Bonifacio Byrne
*Bonifacio Byrne was born on this date in 1861. He was an Afro Cuban poet.
He was born in Pueblo Nuevo, in Matanzas. He did his studies in Matanzas. Since adolescence, he had a fondness for literature. In 1890, he founded the newspapers La Mañana y La Juventud Liberal. He published his first verse book in 1893. After a youthful period of initiation into modernist poetry, he became, from 1896, the interpreter of the enthusiasms and agony of the Cuban people in the struggle for their independence from the Spanish Crown.
At this time, he had to emigrate to the United States, having published his sonnets in response to the Sunday Mejía shooting. In exile, he devoted himself to separatist work and founded and was secretary of the Revolutionary Club in Tampa, Florida. While there, he worked as a tobacco reader and collaborated with Patria, El Porvenir, and El Expedicionario. Many of his poems were left unpublished or grouped into an anthology. Since the publication in 1897 of the poem Efigies (patriotic sonnets) in Philadelphia, Byrne is considered one of the poets of the Cuban-Spanish War.

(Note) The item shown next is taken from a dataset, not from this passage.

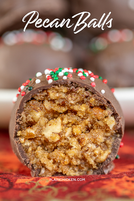 Pecan | Pecan Pie Balls – dangerously delicious!! I could eat the whole batch! Great for parties, tailgating and homemade gifts! Pecans, graham crackers, brown sugar, maple syrup, butter, vanilla and chocolate candy coating. Can add bourbon to the pecan mixture for a boozy treat. A MUST for your holiday cookie tray! #candy #pecans #dessert

He is best-known poem is Mi Bandera (my flag), composed upon returning to Cuba after the end of the Spanish-American War. It expresses his anguish at the uncertainty of the national future threatened by the flag of the United States, which he could see from the boat in which he entered Havana Bay. It was hoisted in the fortress of Morro next to the Cuban flag. He returned to Cuba in 1899. During the Republican term, he was secretary of the Provincial Government of Matanzas and the Provincial Superintendency of Schools. In 1909, he founded the newspaper El Yucayo. He collaborated in La Primavera, El Athenaeum, Diario de Matanzas, El Fígaro, and La Discusión. He was declared the Eminent Son of Killings in 1915.
He won poetic awards at the Floral Games of Sancti Spíritus (1916) and Matanzas (1934). He was a founding member of the Index Group (1935). He was a corresponding partner of the National Academy of Arts and Letters. Raimundo Lazo called him the last patriotic poet of colonial times; he died on July 5, 1936, and was buried in the Necropolis of San Carlos Borromeo de Matanzas.